Wednesday, July 20, 2016

Obama's legacy hinges on Putin deal

Exactly half a year until his departure from the White House, Barack Obama's legacy appears to hinge on his new quest for a rapprochement with Russian president Vladimir Putin.

With growing indications that Obama personally wants a détente with the Kremlin to reverse the descent into a new cold war, even as NATO forces prepare to stare down their Russian counterparts on Russia's own frontier for the very first time, the stakes are running high on a turn of events that could well determine the new global order in the 21st century.

How Obama and Putin spar and deal on Syria, ISIS, Ukraine, and nuclear security between now and January 20, 2017, will set the tone for how the liberal democratic Western world and the conservative autocratic East will seek to coexist for possibly the next generation.

For starters, the very fact that Obama is even considering such an ambitious diplomatic push is a concession of the urgency for a positive breakthrough between the big powers: it's an acknowledgement in itself that his presidency will have left the world a worse place than it found it should Russian and American forces find themselves trained directly on each other in a new stalemate on NATO's eastern frontiers as Hillary Clinton or Donald Trump takes the oath of office.

Such a troubling bequeathal to either successor is highly unpalatable to Obama. On the one hand, the hawkish Hillary - the neocon interventionist war party's unabashed favorite in November - is likely to ramp up US military pressure on Russia so much in the Baltics, Poland, Ukraine, and of course Syria, that it could well prompt preemptive Russian strikes, with even the use of tactical nuclear weapons not entirely out of the question.

On the other hand, populist-nationalist insurgent Donald Trump - who has just overruled his own Republican party establishment's stance of arming Ukraine against Russian separatists - stands to capitalize from a huge propaganda victory at the expense of not merely Obama, Hillary, and the Democrats, but of the entire US and Western political class, should he be the one to pull off a historic reconciliation with the strongman for whom he has all but gushed out with personal veneration.

That leaves the cool-headed but, to his opponents and critics, aloof and abrasive, 44th US president with a brief window of opportunity as he approaches the twilight of his eight-year tenure: to hesitate now would be a final abdication of historic, providentially assigned responsibility as the one-time chosen messiah of the free world.
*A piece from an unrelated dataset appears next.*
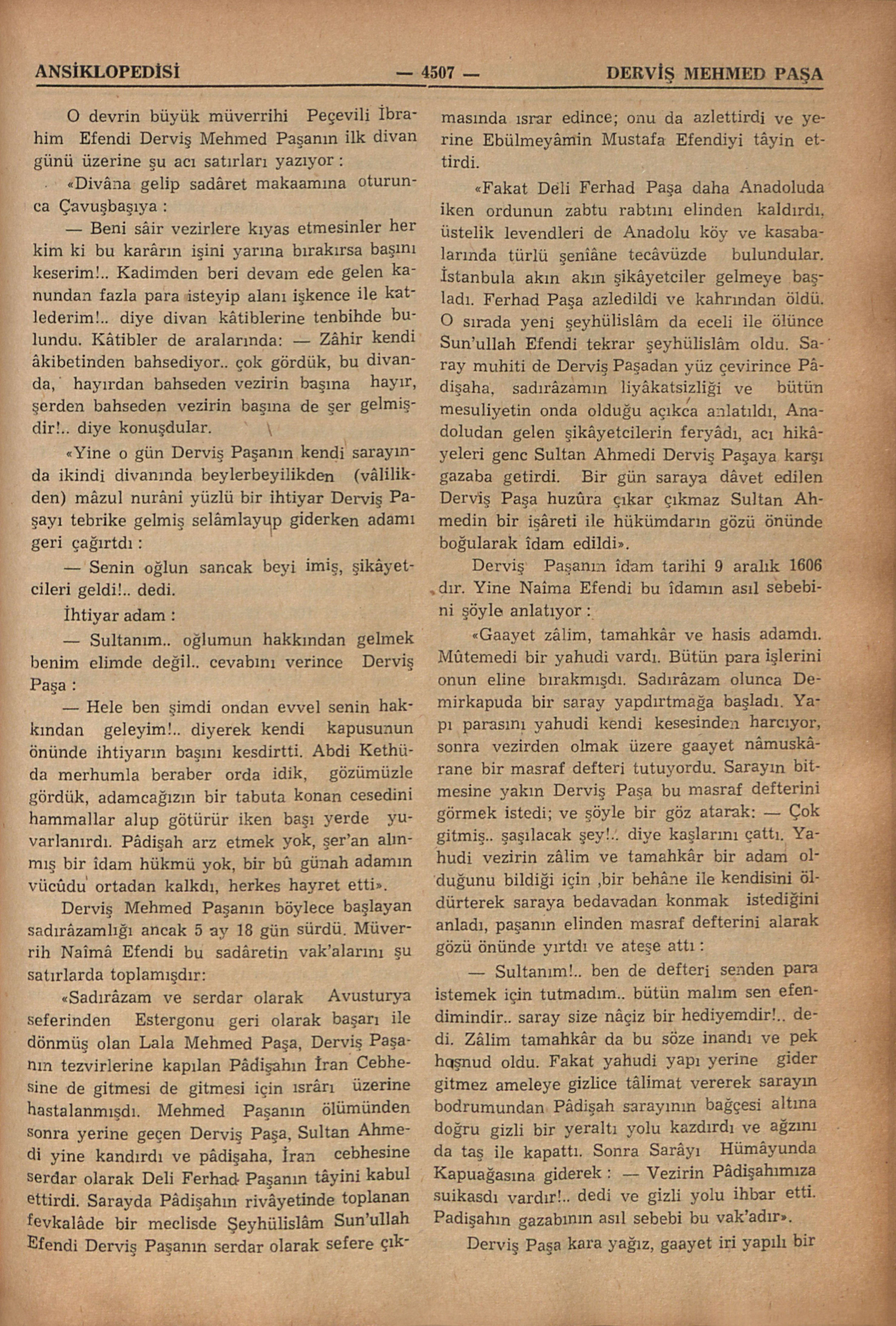 “Gaayet zâlim, tamahkâr ve hasis adamdı. Mûtemedi bir yahudi vardı. Bütün para işlerini onun eline bırakmışdı. Sadırâzam olunca Demirkapuda bir saray yapdırtmağa başladı. Yapı parasını yahudi kendi kesesinden harcıyor, sonra vezirden olmak üzere gaayet nâmuskârane bir masraf defteri tutuyordu. Sarayın bitmesine yakın Derviş Paşa bu masraf defterini görmek istedi; ve şöyle bir göz atarak: — Çok gitmiş.. şaşılacak şey!.. diye kaşlarını çattı. Yahudi vezirin zâlim ve tamahkâr bir adam olduğunu bildiği için ,bir bahane ile kendisini öldürterek saraya bedavadan konmak istediğini anladı, paşanın elinden masraf defterini alarak gözü önünde yırtdı ve ateşe attı :

He can sit back and watch as liberal democracy walks ever more blindly into the jaws of an aggressive and angry revanchist despotism from the East that it has no hope of overpowering; or worse yet, allow that very anti-liberalism to infect even the West itself by ironically appropriating for itself the anti-interventionist - read: antiwar - mantle. The only alternative is to strike out boldly - possibly virtually alone - to seize the narrow middle way while it's still just open.

It has gradually dawned on Obama that the entirety and totality of his foreign policy - that is to say, his eventual place in world history - boils down to how he finally comes to terms with the one man who has a comparable arsenal of weapons of mass destruction at his fingertips as himself. If there's one lesson that the idealist community organizer has learned from the cutthroat KGB man, it's that politics ultimately boils down to naked hard power.

Yes, first in the desert sands of Libya, then more dramatically on the balmy shores of Crimea and wooded plains of Donetsk province, but finally and conclusively in the devastated rubble of the towns and cities of Syria, the revelation of a primeval reality - eloquently described long ago by such varied luminaries from Sun Tzu to Machiavelli - has at last broken out as plainly and unreservedly as the noonday sun.

Democracy - yes, even the great liberal ideal of democracy - must always remember and come back to its fundamental practical concern in this imperfect world before the arrival of that nirvana of everlasting peace: namely, a more perfect capacity for and exercise of actual power.